Exercise prompt
An exact copy is needed of the lines in the entries below from the line with "An actress offers" up to and including the line with "该图形一般出现在底部或者是大", and of nothing else. Leave the pictures out.

Materials provided
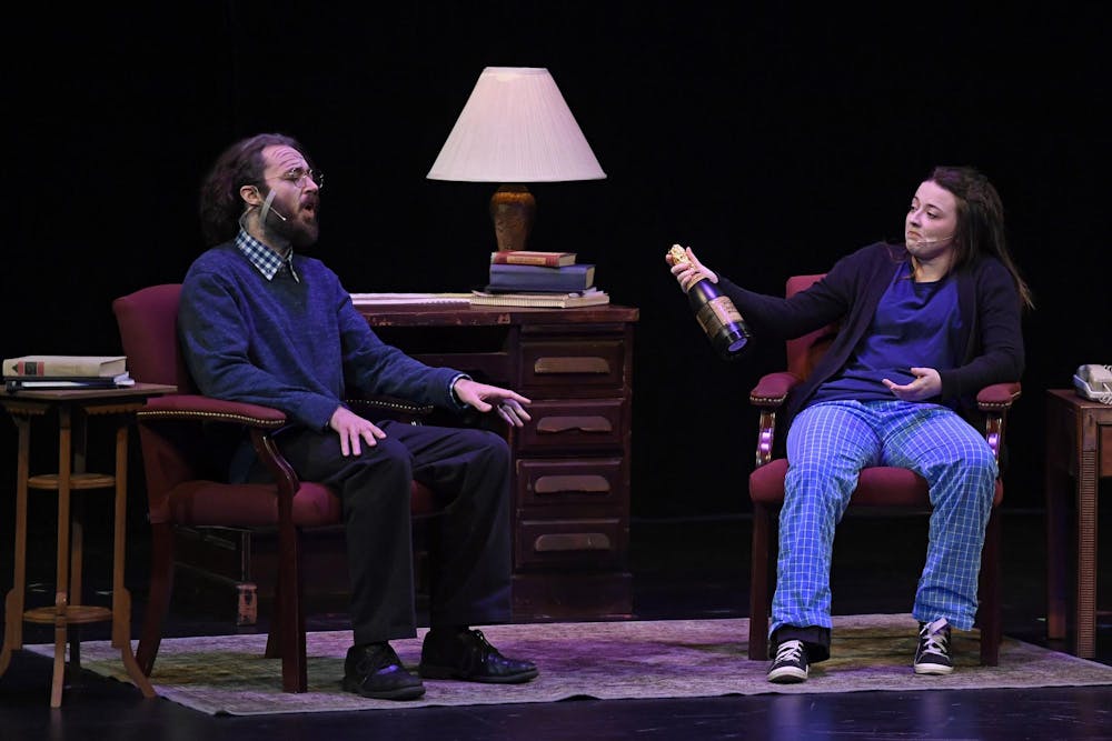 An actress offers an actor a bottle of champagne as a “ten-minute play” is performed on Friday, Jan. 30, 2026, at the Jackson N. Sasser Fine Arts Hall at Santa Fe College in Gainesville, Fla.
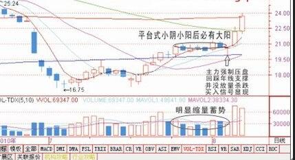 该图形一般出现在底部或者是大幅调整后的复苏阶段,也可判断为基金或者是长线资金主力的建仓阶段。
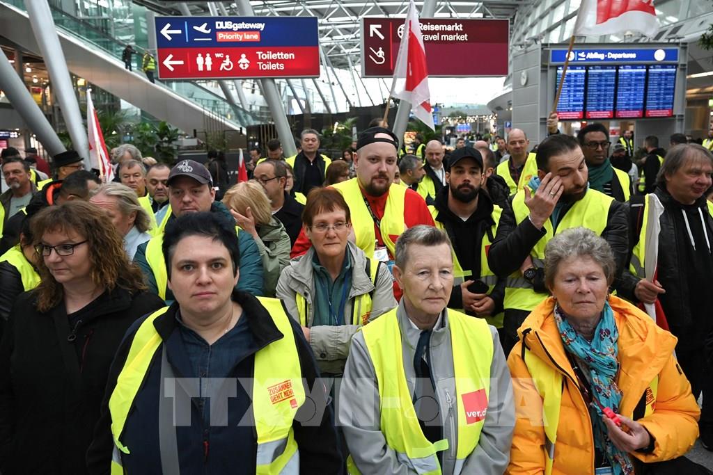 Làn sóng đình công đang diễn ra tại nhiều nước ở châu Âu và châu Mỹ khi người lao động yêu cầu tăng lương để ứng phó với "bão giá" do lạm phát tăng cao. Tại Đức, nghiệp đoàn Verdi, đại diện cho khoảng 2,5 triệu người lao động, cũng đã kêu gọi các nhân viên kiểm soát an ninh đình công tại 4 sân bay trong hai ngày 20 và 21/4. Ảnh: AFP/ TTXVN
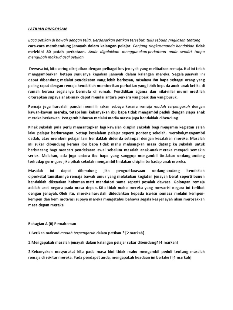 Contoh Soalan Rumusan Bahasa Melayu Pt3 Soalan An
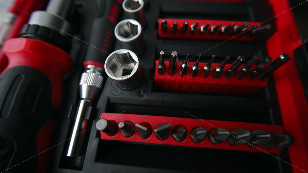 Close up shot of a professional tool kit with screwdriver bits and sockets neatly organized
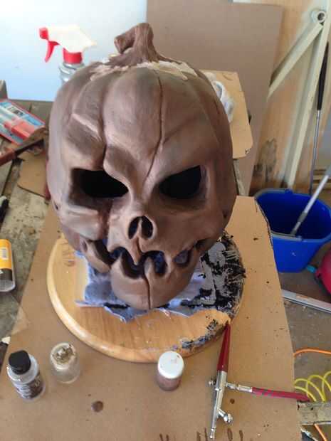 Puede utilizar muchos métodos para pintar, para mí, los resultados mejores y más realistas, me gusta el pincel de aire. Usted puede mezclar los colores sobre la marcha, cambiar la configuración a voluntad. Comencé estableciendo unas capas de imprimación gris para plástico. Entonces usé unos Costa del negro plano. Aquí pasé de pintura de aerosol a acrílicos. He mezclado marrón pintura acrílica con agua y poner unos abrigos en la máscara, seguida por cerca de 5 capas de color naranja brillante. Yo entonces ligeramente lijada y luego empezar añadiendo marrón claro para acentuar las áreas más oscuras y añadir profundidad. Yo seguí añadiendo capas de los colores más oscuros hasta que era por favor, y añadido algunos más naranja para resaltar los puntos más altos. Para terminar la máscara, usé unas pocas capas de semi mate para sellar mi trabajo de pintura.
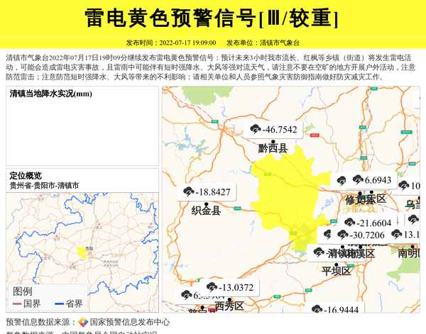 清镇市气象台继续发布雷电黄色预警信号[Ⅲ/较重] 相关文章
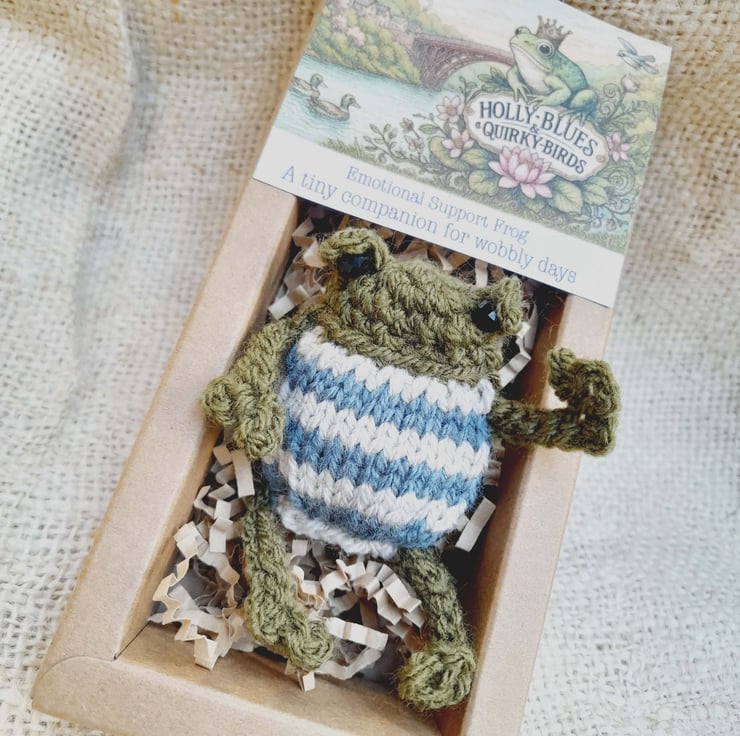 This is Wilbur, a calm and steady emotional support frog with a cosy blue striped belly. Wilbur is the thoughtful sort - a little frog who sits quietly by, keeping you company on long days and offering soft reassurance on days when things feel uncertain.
...
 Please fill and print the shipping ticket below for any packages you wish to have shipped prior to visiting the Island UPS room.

Response
 An actress offers an actor a bottle of champagne as a “ten-minute play” is performed on Friday, Jan. 30, 2026, at the Jackson N. Sasser Fine Arts Hall at Santa Fe College in Gainesville, Fla.
 该图形一般出现在底部或者是大幅调整后的复苏阶段,也可判断为基金或者是长线资金主力的建仓阶段。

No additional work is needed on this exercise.